For the data below, retype word for word the lines from the one containing "GLASS CIRCLE WITH" through the one containing "6월 정기휴관일 및 공휴일 안내 상세보기"; drop the pictures.
====== Entries provided
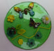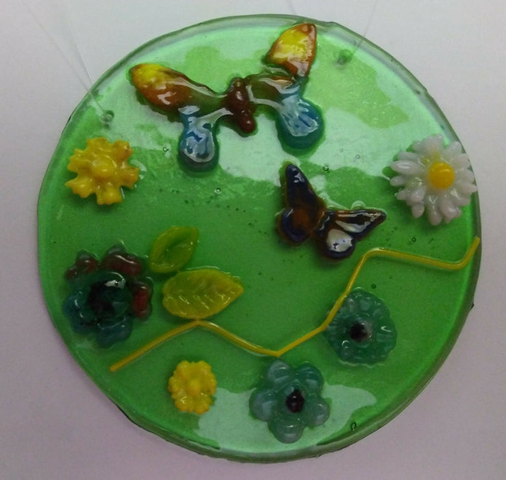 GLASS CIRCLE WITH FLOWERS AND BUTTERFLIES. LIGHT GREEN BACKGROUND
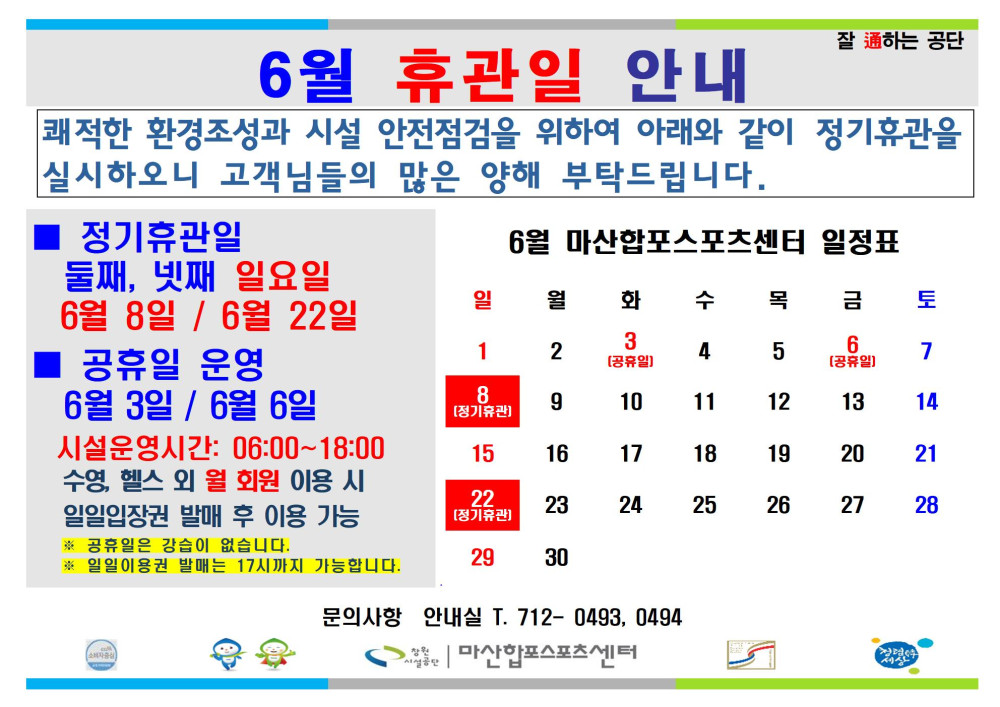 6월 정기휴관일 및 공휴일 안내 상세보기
============
====== Entries provided
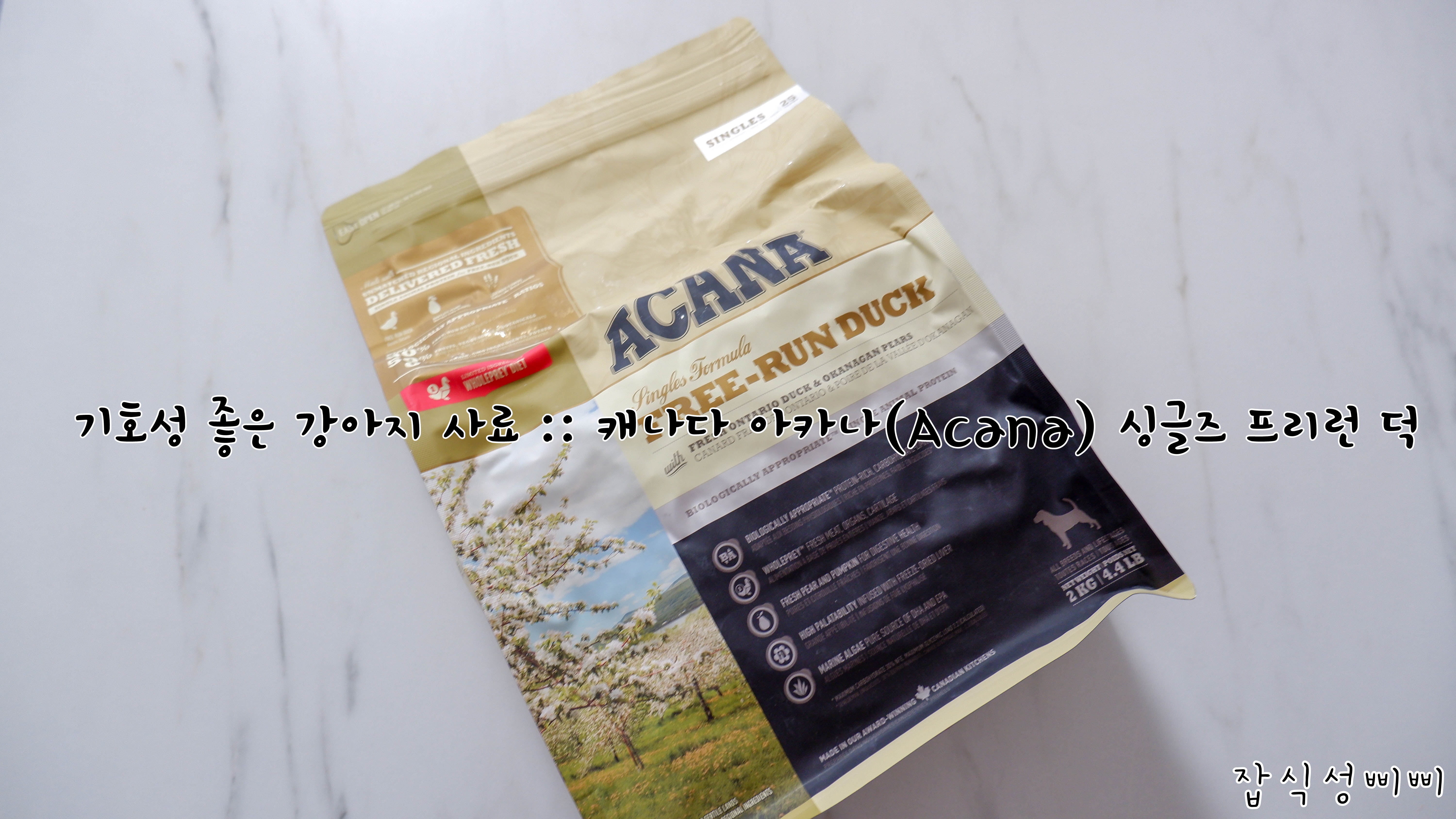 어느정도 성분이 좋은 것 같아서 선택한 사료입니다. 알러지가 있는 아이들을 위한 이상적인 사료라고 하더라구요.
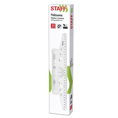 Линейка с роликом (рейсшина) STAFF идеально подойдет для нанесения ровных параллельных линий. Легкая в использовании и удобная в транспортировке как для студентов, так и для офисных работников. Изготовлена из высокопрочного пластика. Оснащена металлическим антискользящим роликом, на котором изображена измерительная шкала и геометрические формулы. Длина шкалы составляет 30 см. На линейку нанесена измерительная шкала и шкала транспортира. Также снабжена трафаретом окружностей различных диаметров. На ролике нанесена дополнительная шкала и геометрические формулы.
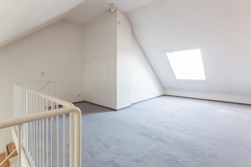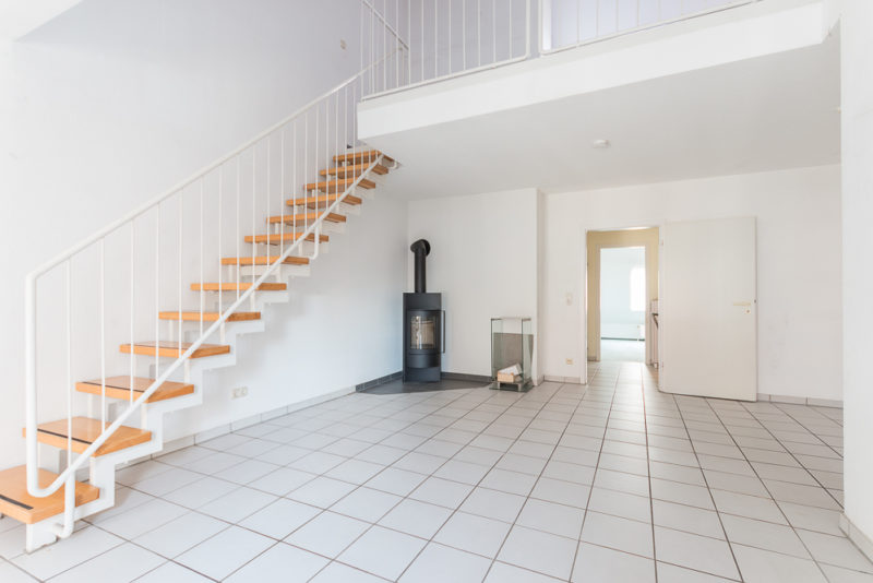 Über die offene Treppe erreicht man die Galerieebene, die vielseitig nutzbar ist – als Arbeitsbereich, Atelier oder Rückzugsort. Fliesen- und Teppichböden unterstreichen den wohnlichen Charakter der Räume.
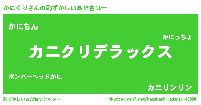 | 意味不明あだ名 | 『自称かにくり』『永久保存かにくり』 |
============
## Answer
 GLASS CIRCLE WITH FLOWERS AND BUTTERFLIES. LIGHT GREEN BACKGROUND
 6월 정기휴관일 및 공휴일 안내 상세보기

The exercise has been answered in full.